# Bargain Halloween goodies (Spooky haul!)



## PawsandClaws (Jul 22, 2014)

This was all purchased from Dollar Tree - $1 each

1.] Skeleton door hanger 
2.] Hanging ghost decoration
3.] Plastic spider party plate
4.] Jack-o-lantern bucket
5.] Plastic eyeball ping pongs
6.] Decorative rat (lights up/makes noises)
7.] Hanging skeletons
8.] Skeleton fabric scarves 
9.] Decorative raven
10.] Plastic spiderweb plate
11.] Pumpkin tablecloth 

...and the ribbon spools 










1.] Decorative witch hat lanyard - Michaels ($4)
2.] Hanging monster characters or hanging 'spooky' decoration - Dollar Tree ($1)
3.] Ceramic pumpkin plate - Michaels ($2)
4.] Ceramic skeleton heads bowl - Michaels ($2)
5.] Small plastic buckets x2 - Party City ($1 for both)
6.] Green Jack-o-lantern bucket - Michaels ($1)

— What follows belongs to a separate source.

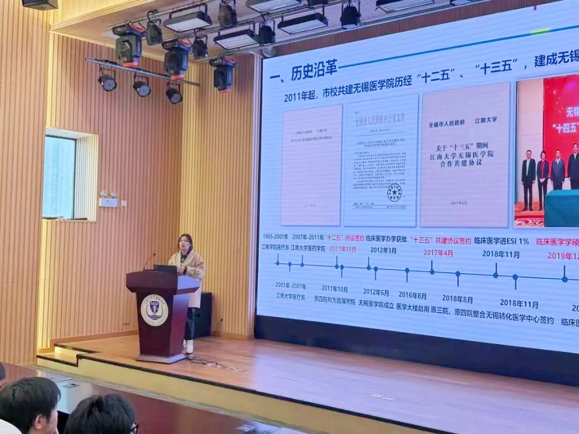 活动伊始,医学院党委书记向琪热情致辞,她介绍了学院“医工结合、学科交叉”的创新特色,鼓励大家成为生命守护者,寄语同学们“坚定信念,投身医学事业”,并表示作为一所无锡家门口的优质医学院校,医学院始终敞开怀抱,期待青年学子在这里找到人生方向。接着,王小英副教授以"医学学习与职业发展"为主题,阐述了医生的职业内涵,指出医生不仅是经过长期专业训练的健康守护者,更是集疾病诊疗、预防保健、健康教育和公共卫生等多重职责于一身的专业人才。“医学之路虽充满挑战,却意义非凡。”王老师回顾了学院的办学历史,介绍了学院及附属医院专业的师资力量、先进的教学设施与科研平台,并以学院临床医学本硕博一体化教育体系为例,介绍了医学人才培养的完整路径:5年本科教育夯实基础,3年住院医师规范化培训锤炼技能,以及后续专科医师培训持续精进专业能力。“终身学习是医学从业者的必备素养,从基础医学到临床医学,每一门课程都是通向医学高峰的必经之路。”

We are going to cut the witch hats up into singular hats and use them for a ratty Halloween photo shoot as they are the perfect size! They would look great hanging up in a cage too though as they are made of soft fabric.

Hope this was helpful. I know I always wonder where people get their stuff from. So, no secrets. Share where you get your cool stuff.  Unfortunately, these are US based stores, sorry to others.


----------



## gotchea (May 4, 2013)

How fun! Halloween is the best


----------



## Lita (Jul 10, 2014)

We have a spider plate in the big girl cage and they have a ballpit with those eye balls. They destroyed a few of them... Somehow chewed holes in them!


----------



## PawsandClaws (Jul 22, 2014)

That was the idea for my boys too. We bought some orange balls from target, bunch of cat bell balls and these with the hopes of making them a little ball pit. They do not really chew much so I hope the eyeballs hold up with my lot! Haha


----------



## PaigeRose (Apr 12, 2013)

OMG! Thanks for the ideas, tomorrows my day off and while I got some stuff, I think I need to go back lol.


----------



## Lita (Jul 10, 2014)

I didn't think our girls chewed much either! But the basket it was in and some of the balls suffered a freak chew fest. XD


----------



## kksrats (Jul 25, 2014)

I was only able to find one bag of the eyeball ping pong balls  It made kind of a pitiful ball pit, but my girls like it nonetheless! I'm going to try a different store today to see if I can find more! While I was poking around there, I also found the baby links that a lot of people use; I'd been looking everywhere for some cheap and finally found them!


----------



## Zabora (Jun 8, 2014)

Lol I recently started to use the baby links to hang up snuggle sacks i stitched together. I just cant see the point of buying to many hammocks and stuff they will distroy in a week. My handmade ones may not be as nice but they last and the rats like em...good luck getting the hats on lol I would love to see photos...


----------



## PawsandClaws (Jul 22, 2014)

I think we will have some luck with the hats. Our one boy Kiwi is extremely docile. He loves to lay on his back and we tickle his tummy and massage his sides. Then he will popcorn away and come back for more. So I don't think he will mind the extra attention too much.


----------



## kksrats (Jul 25, 2014)

Woot! Found a dollar tree that had more of the ping pong balls! So the ball pit I made my girls is legit now and they love it. Made one for my boys....they threw all the balls out and dragged some extra fleece in to sleep with lol. Such lazy boys!


----------



## PawsandClaws (Jul 22, 2014)

Awesome! I still have not started decorating for Halloween. So much procrastination going on...


----------